Cierta tarde me vi reflejado en un espejo y desde entonces me enamoré perdidamente de mí. Fue el comienzo de interminables coqueteos, guiños y señales. Me fui fiel en todo sentido y me amé como nadie ha amado nunca. Fue un asunto de piel, amarme, era cosa fácil, imaginé que duraría toda la vida, no importando las distancias, porque siempre estaría conmigo. A veces me celé por estar profundamente interesado de alguien y fueron noches de pesadilla las que pasé, recriminándome e insultándome por estas infidelidades que aparecían de tanto en tanto, para oscurecer este romance.
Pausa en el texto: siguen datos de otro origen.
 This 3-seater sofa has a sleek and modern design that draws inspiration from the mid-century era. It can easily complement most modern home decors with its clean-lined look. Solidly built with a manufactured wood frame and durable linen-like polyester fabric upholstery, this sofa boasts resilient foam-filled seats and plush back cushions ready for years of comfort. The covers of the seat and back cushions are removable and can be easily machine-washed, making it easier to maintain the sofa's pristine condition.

Me amé demasiado, tanto como a nadie había amado. Me veneré, me idolatré y por lo mismo, me desprecié, varias veces terminé conmigo y me reconcilié con pasión desmedida.
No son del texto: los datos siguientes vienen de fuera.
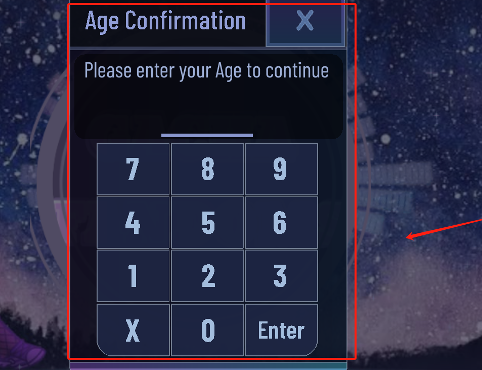 2、这是年龄确认窗口,要先输入年龄才能进游戏。用下方数字键盘输数字,输完点Enter就行,不想玩就点右上角X。
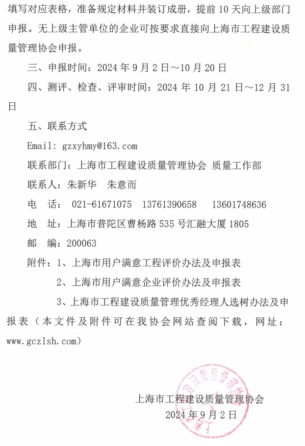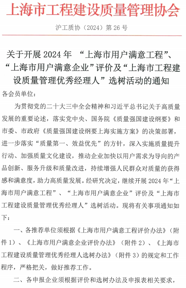关于开展2024年“上海市用户满意工程”、“上海市用户满意企业”评价及“上海市工程建设质量管理优秀经理人”选树活动的通知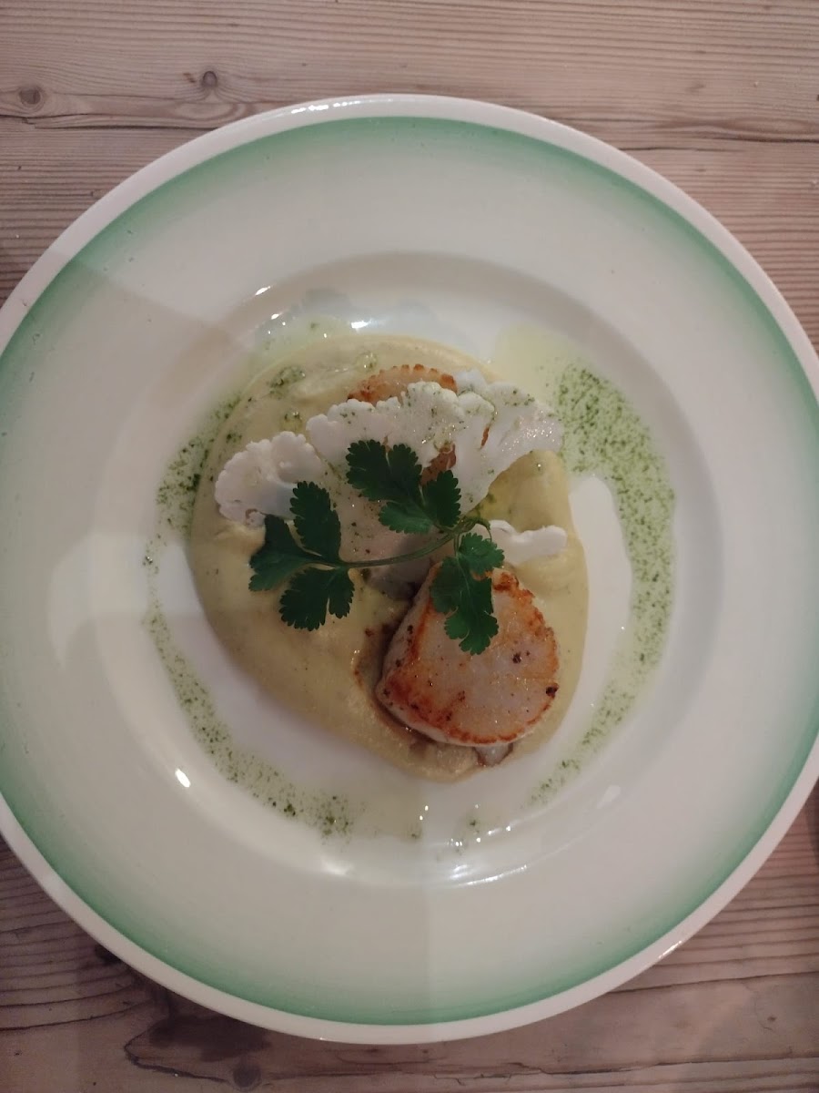 Scallops on a Bed of Curried Cauliflower Puree

Pero, tanto amor, tanta voracidad de los sentidos, tanta entrega, provocan, a menudo, un hastío visceral. Esto no lo captamos hasta que nos damos cuenta que el ser amado, ya no lo es tanto. Comenzamos a visualizar sus pequeños defectos, sus insoslayables vicios, todo ello, marcado por la rutina que decolora y empobrece cada aspecto de ese deslumbramiento.
Y ya no fue una fiesta contemplarme en el espejo y guiñarme un ojo, se acabaron las caricias y las palabras de halago. Mi despecho fue una cruel herida que sangró a raudales, mas, de esa sangre no bebí ni una sola gota.
Pasaron muchos años de alejamiento mutuo, no intenté hacer las paces porque para mí, yo había muerto.
Hasta que un día me miré al espejo y allí estaba, solemne y desencajado, pero con aquella luz en los ojos que parecía imantarme. Entonces me dije que esa luz era mi perdición y me arrojé a mis brazos y me acaricié y me rasguñé hasta hacerme daño. Luego salí al patio conmigo y arrebujado en mí, contemple la bella luz de la luna.